Discussion in 'Cadence' started by cheanglong, Sep 23, 2006.

  1. cheanglong

    cheanglong Guest

    Dear All

    Anyone can help to give me some idea what will happen to Vtn if the
    NLDD dose is increase or decrease?
    ANy BSIM equation I can relate Vtn and NLDD dose?
    I appreciate if you have any paper or book, you can refer me to.
    Kindly help me to understand the physics behind for the relations.

    Thank you all

    best rgds
    Jason
     
    cheanglong, Sep 23, 2006
    #1
  2. cheanglong

    Stephen Guest

    Jason,

    I will give you my best answer to your question, with quotations, but
    hopefully someone else can verify that my answer is correct.

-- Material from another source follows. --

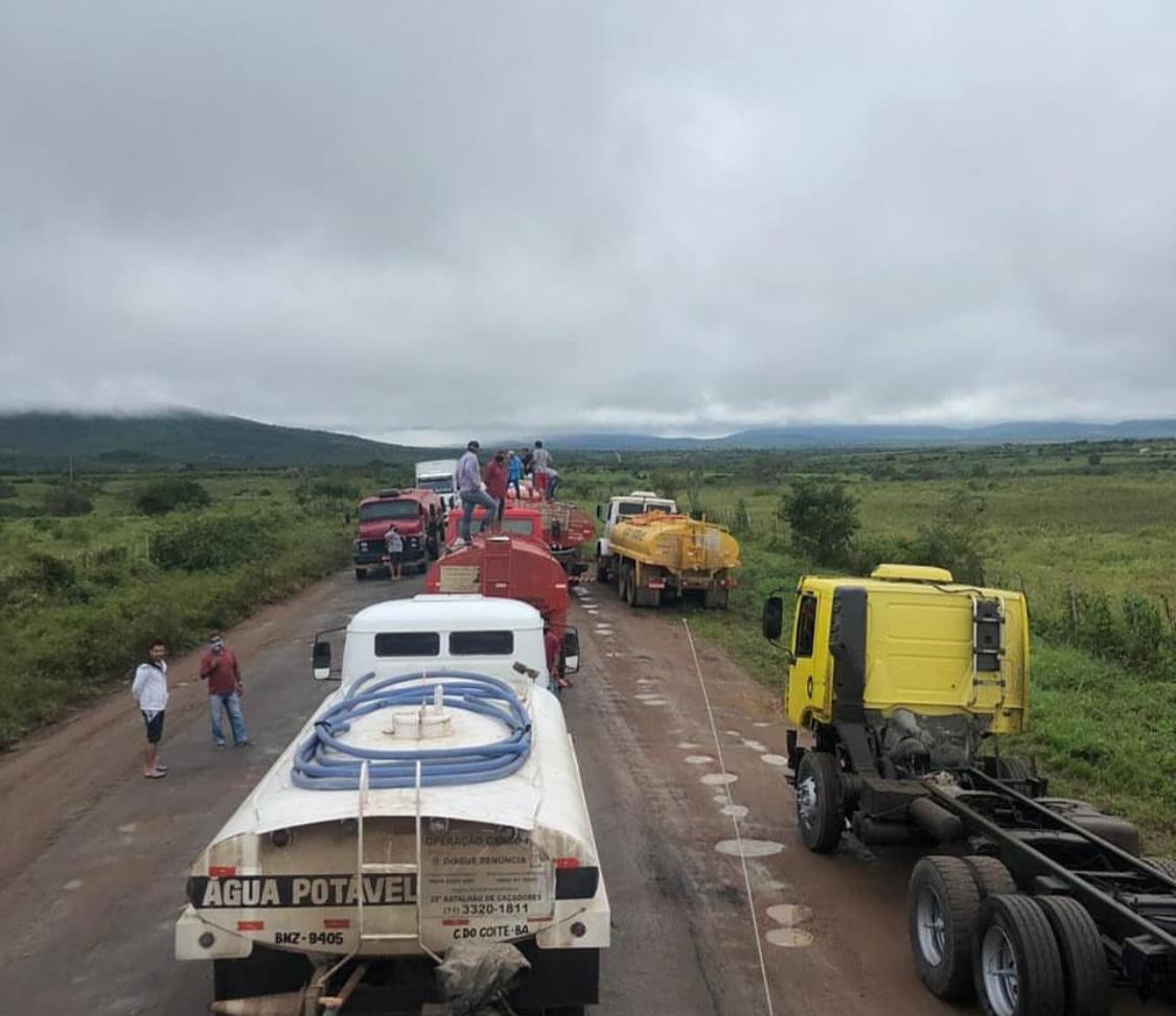 Conforme anunciado nesta terça-feira, 18, caminhoneiros realizam novo ato de protesto contra as péssimas condições da BA 220. A manifestação ocorreu no período da manhã desta quarta-feira, 19, na própria BA 220, onde caminhões-pipa e outros veículos foram enfileirados nos dois sentidos da rodovia, interditando-a.

    According to "Introduction to VLSI Circuits and Systems" by Uyemura, p.
    137:

    "A lightly doped drain MOSFET is designed to reduce the electric fields
    in the channel region by providing n- (lightly doped) drain and source
    regions instead of the usual n+ regions. Theoretically, this reduces
    the maximum electric field intensity, which in turn increases the
    reliability of the transistors."

    Since you did not ask about why reliability is increased, I will not go
    into that here.

    However, since you are asking about the effect on Vtn, my answer is
    that I'm not sure that there is an effect. If you look at the standard
    equation for the threshold:

    Vtn = Vto + lambda[ sq(-2*fermi_potential + Vsb) -
    sq(2*fermi_potential) ]

    Now if we assume that Vsb = 0, then we just have:

    Vtn = Vto

    Vto is a function of the work function difference between the gate
    material and the silicon substrate. It seems to me that Vtn is simply
    trying to create the channel between the source and drain that will
    allow electrons (or holes) to flow through, and that the doping
    concentration of the source/drain regions determines the magnitude of
    the electric field. (In small channel devices, this electric field
    causes velocity saturation - or the current to saturate very quickly,
    and other frusturating design effects such as reliability problems,
    which LDD helps solve by decreasing the doping concentration, and
    thereby decreasing the electric field). I cannot find any explainable
    links between Vtn and LDD, at least not directly.

    Do others agree with this?

    - zielstep
     
    Stephen, Sep 24, 2006
    #2
  3. cheanglong

    cheanglong Guest

    Dear Stephen

    Firstly I would like to thank you for posting to my message. It is my
    honour to have people around here who is willing to discuss with me. It
    is not easy to find people who willing to share ideas.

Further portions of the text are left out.